TASK BRIEF –
Among the entries below, the lines from the one with "925 Sterling Silver" up to and including the one with "Kirjalikku avaldust, CV" are to be restated exactly, without pictures.

DATA TO USE –

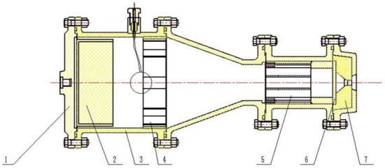 Based on the simulation analysis results in Section 2, the experimental system for ablation of insulation layer was developed to investigate the ablation influence of the gas flow velocity on I pulse insulation layer under II pulse working conditions, as shown in Figure 7. The experimental device is a sub-scale engine with a maximum diameter of 300 mm and a length of 200 mm. Among them, 1 is the front head, 2 is the propellant grain, 3 is the case, 4 is the low-velocity section, 5 is the high-velocity section, 6 is the propellant grain baffle, and 7 is the nozzle. HTPB propellant was used in the experiment and the II pulse working conditions were realized by two artificial ignitions.
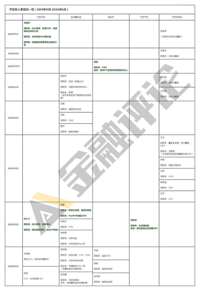 平安系人事变动不完全统计(2019.11-2020.08),雷锋网AI金融评论整理
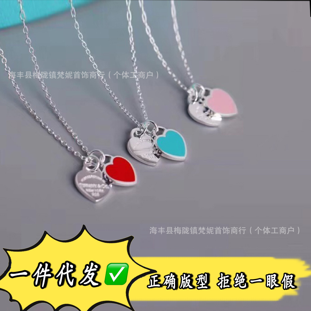 925 Sterling Silver T Family Love Necklace Women's Pink Blue Enamel Color Explosions Clavicle Chain Double Love Pendant Internet Celebrant
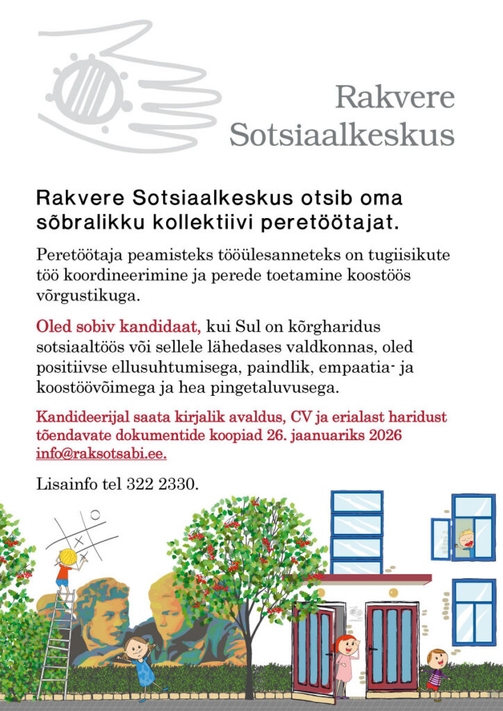 Kirjalikku avaldust, CV ja erialast haridust tõendava dokumendi koopiat ootame 26.jaanuariks 2026a info@raksotsabi.ee
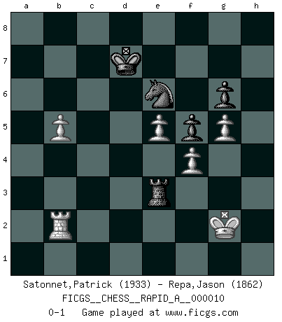 Last move : 0-1 2007 June 9 12:49:33 [Event "FICGS__CHESS__RAPID_A__000010"] [Site "FICGS"] [Date "2007.01.12"] [Round "1"] [White "Satonnet,Patrick"] [Black "Repa,Jason"] [Result "0-1"] [WhiteElo "1933"] [BlackElo "1862"] 1.e4 e6 2.d4 d5 3.Nd2 c5 4.exd5 exd5 5.Ngf3 Nf6 6.Bb5+ Bd7 7.Bxd7+ Nbxd7 8.O-O Be7 9.dxc5 Nxc5 10.Re1 O-O 11.Nf1 Re8 12.Be3 a5 13.Bd4 Ne6 14.Ne3 Nxd4 15.Nxd4 Qb6 16.Qd3 Bc5 17.c3 Rac8 18.Re2 Bxd4 19.cxd4 g6 20.Rae1 Re7 21.h4 Qd6 22.h5 Rce8 23.hxg6 hxg6 24.Nd1 Rxe2 25.Rxe2 Rc8 26.Nc3 Rc4 27.g3 Kg7 28.Kg2 Qb6 29.Rd2 Qe6 30.f3 Rc8 31.Re2 Qb6 32.g4 Rc4 33.Rd2 Qe6 34.Rd1 a4 35.a3 Nd7 36.Qd2 Nf8 37.Kg3 Qc6 38.Rh1 Qd6+ 39.Kg2 f6 40.Qh6+ Kf7 41.Re1 Qc6 42.Rd1 b5 43.g5 f5 44.Qh2 b4 45.axb4 a3 46.Qe5 axb2 47.Nxd5 Qe6 48.Rb1 Qxe5 49.dxe5 Ke6 50.Ne3 Rc3 51.f4 Rxe3 52.Rxb2 Kd7 53.b5 Ne6 0-1 This chess game has been lost on time (started : 2007.01.12 18:14:12) French : Tarrasch, Open, 4.ed ed Kingside Castling by player White (move 8) Kingside Castling by player Black (move 10) Player Black won this chess game. Follow this game move after move (download)All my games are real. (Bobby Fischer) Wenn ich Weiß habe gewinne ich weil ich Weiß habe, wenn ich Schwarz habe gewinne ich weil ich Bogoljubov bin. (Efim Bogoljubov) Si el ingenio solamente fuese necesario para lucirse, las mujeres serían las mejores jugadoras de Ajedrez del mundo. (Albin) Les échecs, c'est l'imagination. (David Bronstein) See no evil, hear no evil, speak no evil. (The 3 monkeys)

TASK SOLUTION –
 925 Sterling Silver T Family Love Necklace Women's Pink Blue Enamel Color Explosions Clavicle Chain Double Love Pendant Internet Celebrant
 Kirjalikku avaldust, CV ja erialast haridust tõendava dokumendi koopiat ootame 26.jaanuariks 2026a info@raksotsabi.ee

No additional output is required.